By: Emma Jones - Updated: 4 Apr 2012 | comments*Discuss
Payment Protection Insurance Peace Of

Payment protection insurance can seem like a sensible option especially when financial times are a bit rocky. You may want to cover your family if you lose your job or think that the extra cost is outweighed by the peace of mind. All these are valid considerations but don’t feel pressured into taking the insurance. It can work out very costly and often be difficult about paying out. Before you commit to any type of payment protection insurance look at the fine print and consider your other options.

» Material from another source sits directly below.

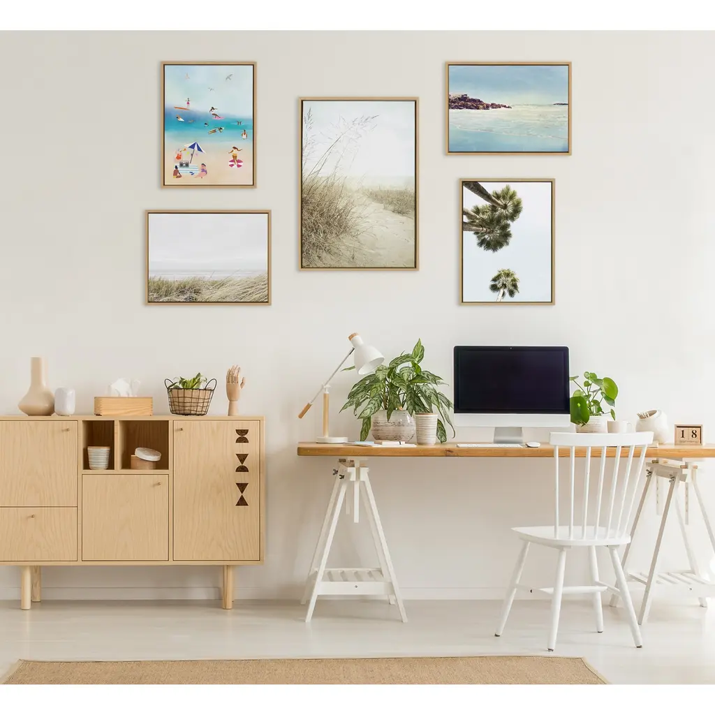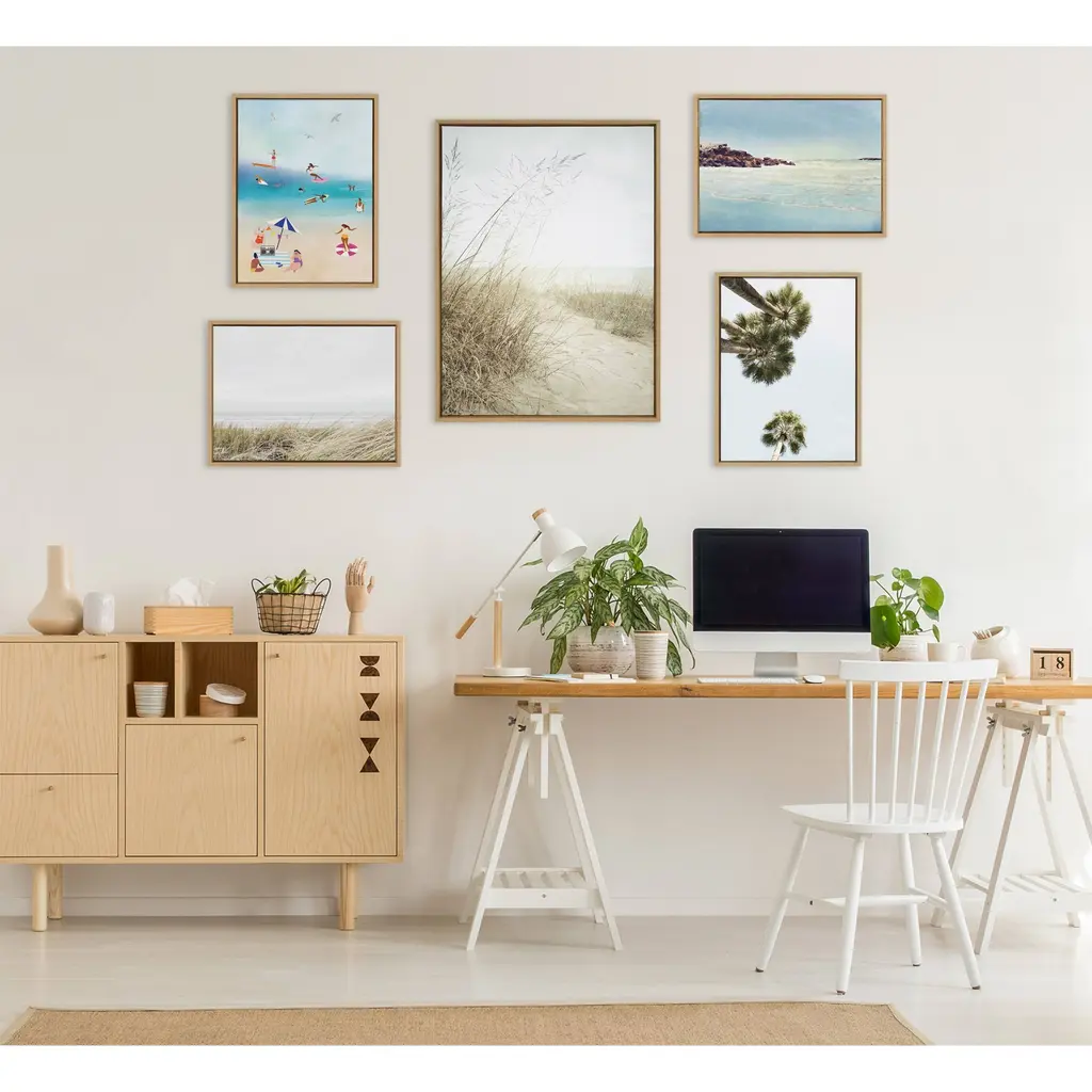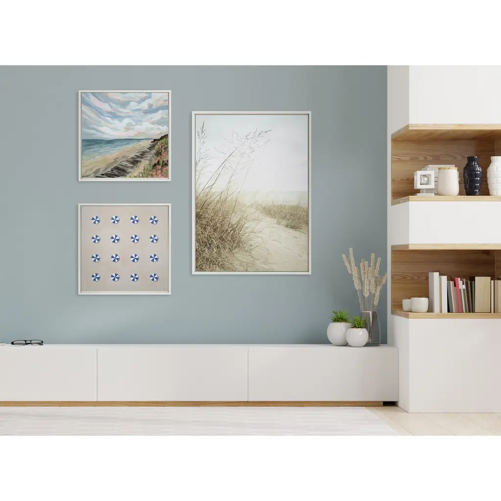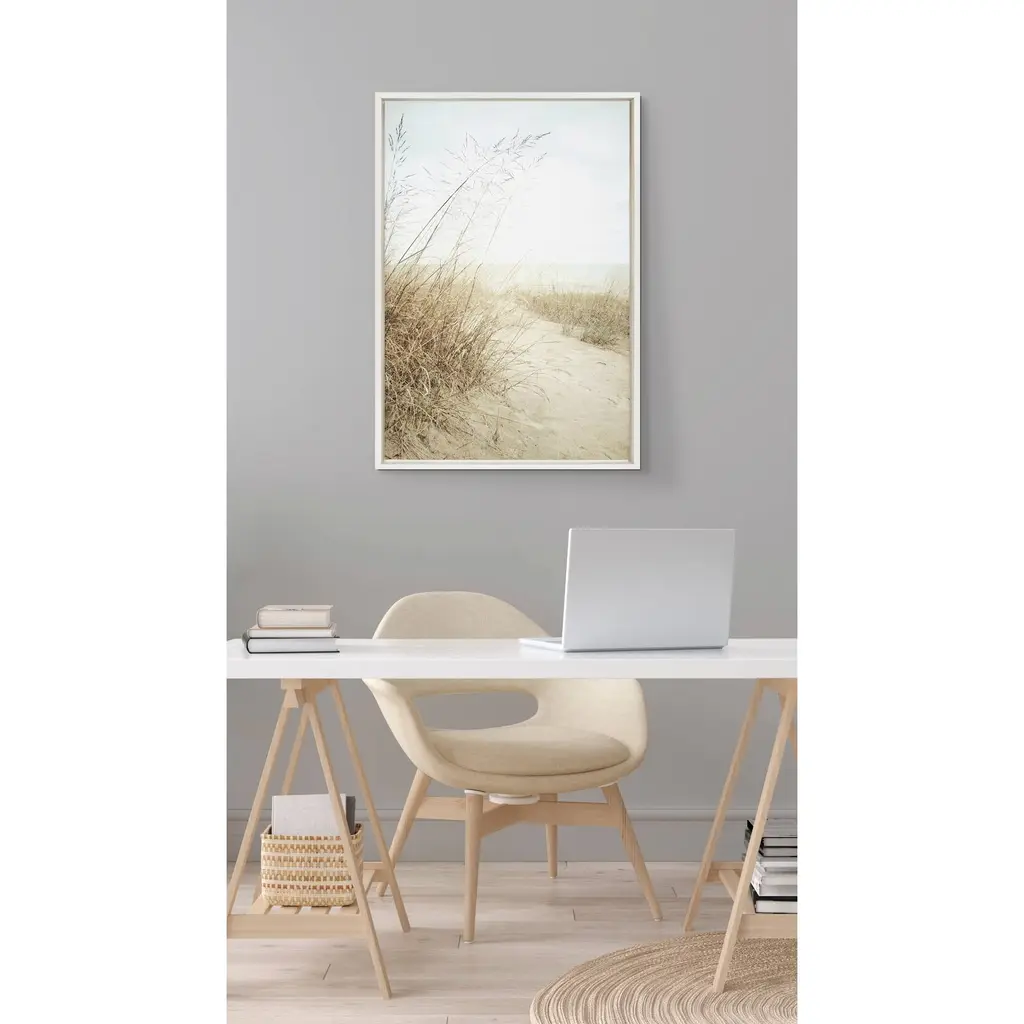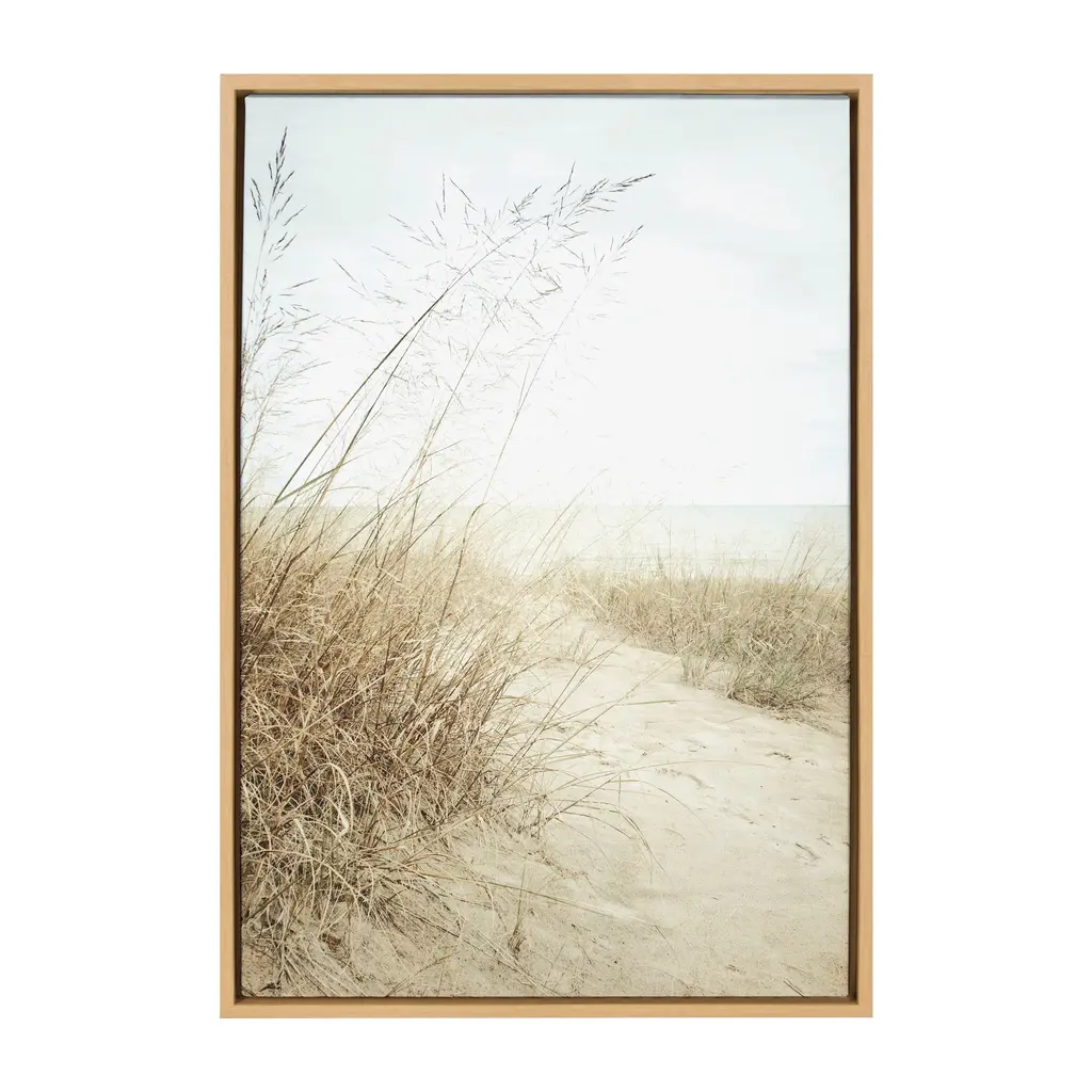 Take a relaxing walk through the windblown grass of the beach in this beautiful, coastal art print. Framed in the USA in Waunakee, Wisconsin, this floating canvas art will be a pleasure to look at every day in your living room, bedroom, office, or any room in the home. This art print also makes an excellent gift for birthdays, holidays, or house-warming parties. Printed on gallery-wrapped canvas and framed with a lightweight polystyrene frame, this wall art has two hangers already attached to the MDF back for easy wall display. The outer dimensions are 33 inches by 23 inches by 1.63 inches. Print Name: "Beach Grasses"

Whenever you take out a loan or a mortgage, the lender will try and get you to buy payment protection insurance on top of it. They will sell all the benefits to you and try to make them outweigh the extra cost involved. In reality, the insurance, once compound interest is taken into account, can add between 25% and 50% extra onto the amount of money that you are paying back.

Peace of Mind

The main reason why people decide to fork out the extra expense is so that they have peace of mind in case they lose their job or become ill. This is a very reasonable worry but you need to look objectively about how much it will actually protect you and if there are any other ways of paying the loan. Consider the fact that most schemes stop paying after a year or two, so if you are out of work long term then you will have to find another way to pay anyway.

Terms and Conditions

Like any kind of insurance, you need to look carefully at the terms and conditions before committing to it. Find out how long they will pay out for and how long you have to been off work before it kicks in. Also, consider whether they have any clauses about pre-existing medical conditions, stress or backache or about working less than sixteen hours a week. Before you sign up and pay out you need to make sure you will actually be covered when you need it.

Other Options

It is sensible to make sure you are protected if you lose your job or are incapacitated but there are other ways to handle it. Sometimes other insurance schemes, such as one though your company, may cover your loans. Think about whether you could borrow the money from friends or family in the short term as most plans only pay out for a year anyway – this will probably depends on how large your repayments are. Also, consider whether saving your own money towards difficult times might be a better option.

Payment protection insurance is very common and it is easy to feel pressured into accepting it. It can offer you peace of mind but isn’t right for everyone. Work out how much extra you are going to be paying, once interest is added and then see if there are any other options you could consider. Also, before signing up, make sure you are clear about the terms and conditions, when they will and won’t pay out and for how long.